- Apollo Global Management (APO) is leading a $3.5 billion financing deal to support Valor Compute Infrastructure's acquisition and lease of NVIDIA (NVDA) GB200 GPUs to xAI.
- The deal, structured as a triple-net lease, provides downside-protected AI exposure and follows xAI's recent $20 billion Series E funding round.
- Apollo aims to make portions of the loan tradable, expanding the private credit market while supporting surging AI compute demand.
Apollo Global Management is nearing a $3.5 billion lending agreement to finance Valor Compute Infrastructure's acquisition of NVIDIA GB200 GPUs and data center infrastructure, which will be leased to Elon Musk's xAI, according to people familiar with the matter. The deal, expected to close imminently, corrects earlier reports of a $3.4 billion figure and aligns with xAI's rapid expansion following its $20 billion Series E funding round, which closed just one day prior with investors including NVIDIA, Fidelity, Qatar Investment Authority, and MGX.
Efforts to structure the financing have progressed smoothly, with Apollo deploying its expertise in asset-backed lending to create a triple-net lease arrangement that offers strong protection for investors. "This is a hallmark investment in the AI infrastructure space, combining growth potential with robust downside safeguards," said Christopher Lahoud, a senior partner at Apollo involved in the transaction, highlighting the firm's strategy to gain exposure to high-growth sectors like AI through structured credit. Apollo has deployed over $40 billion into next-generation infrastructure since 2022, including compute and renewables, and this deal adds to that portfolio while supporting xAI's capital-intensive model training for advanced systems like Grok 4.
Without this financing, xAI might have faced delays in scaling its second data center, crucial for keeping pace with competitors in the AI race. The deal involves Valor Equity Partners, which manages about $55 billion in assets and created the Valor Compute Infrastructure vehicle with NVIDIA as an anchor limited partner to lease the hardware. NVIDIA's GB200 GPUs are central to the compute cluster, reflecting the chipmaker's dual role as both a supplier and investor in the AI ecosystem. Apollo, which manages approximately $908 billion in assets as of September 2025, traded $6.7 billion in private credit last year and continues to pursue share buybacks under a $3 billion program alongside such financings, balancing growth initiatives with shareholder returns.

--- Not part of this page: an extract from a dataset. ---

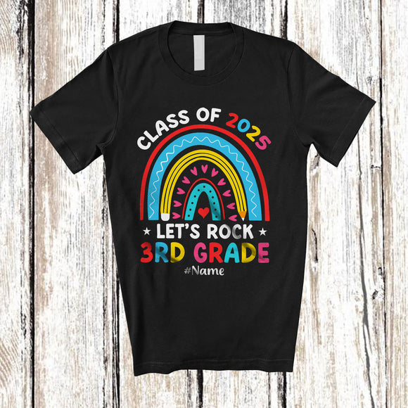 Personalized Class Of 2025 Rock 3rd Grade; Joyful Back To School Rainbow; Custom Name Students T-Shirt
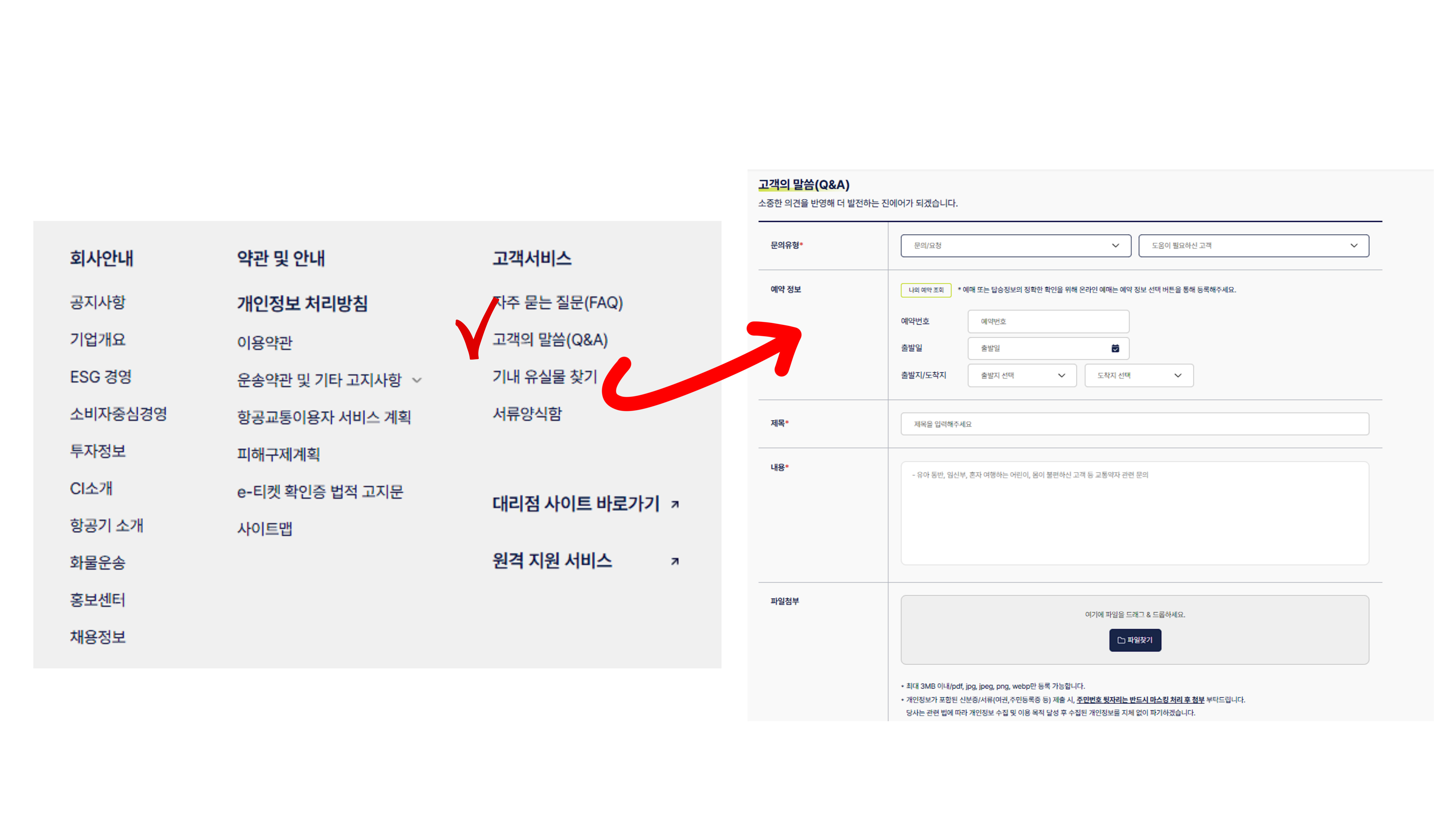 → “고객문의 > 고객의 말씀(Q&A)” 선택

In the short term, Apollo may buy more portions of the loan at par to enable secondary trading, a move that could expand the private credit market for similar AI infrastructure deals. Long-term, this financing scales xAI's operations and sets a precedent for more structured financings as demand for AI compute surges, with Apollo estimating trillions will be needed for global data centers over the next decade amid what it calls a "Global Industrial Renaissance." The transaction also complements Apollo's other asset-backed activities, such as its aviation lease ABS (MAPS 2026-1) with 27 aircraft, showcasing a diversified approach to infrastructure investing.

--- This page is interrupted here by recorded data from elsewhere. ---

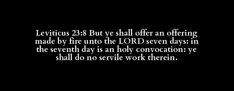 Leviticus 23:8 But ye shall offer an offering made by fire unto the LORD seven days: in the seventh day is an holy convocation: ye shall do no servile work therein.
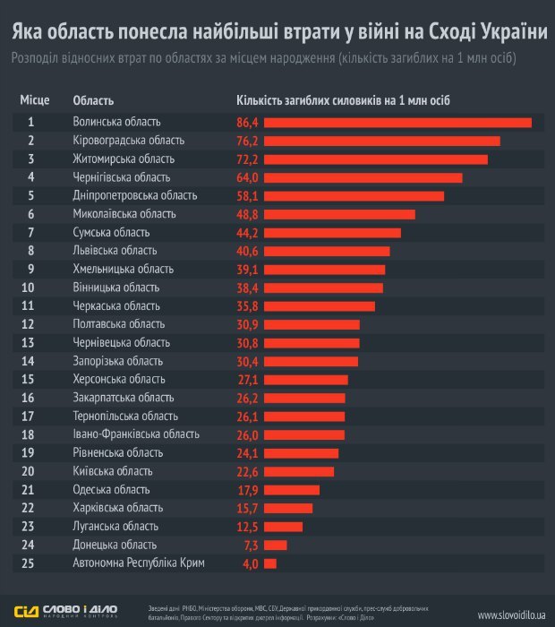 Как видим, диаграмма показывает численность погибших украинских силовиков на миллион населения в разрезе по областям. Проведя несложные математические вычисления (сложив циферки в столбик), получаем, что на миллион украинцев погибло 905,5 человек. Из графика видно, что за основу взято всё население Украины, включая Крым и Донбасс. Но мы, так и быть, возьмём официальные данные Укрстата в 42,726 миллиона человек.
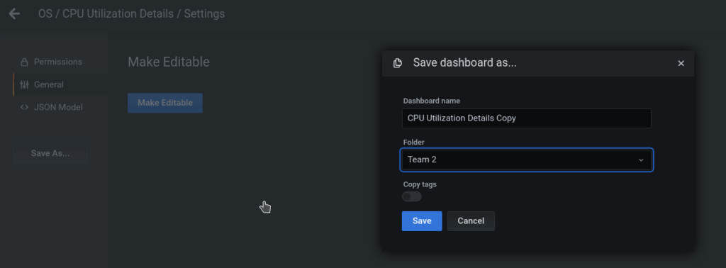 5. Now we make copies of the “CPU Utilization Details” dashboard in folders “Team1” and “Team2”

Attempts to reach xAI and Valor for additional comments were not immediately successful, but sources indicate that negotiations have focused on ensuring timely deployment of the GPUs to support xAI's aggressive growth timeline. As AI workloads explode, driving unprecedented data center energy needs, deals like this highlight how private credit is stepping in to fill financing gaps, with Apollo acting as both lender and potential market maker in a rapidly evolving sector.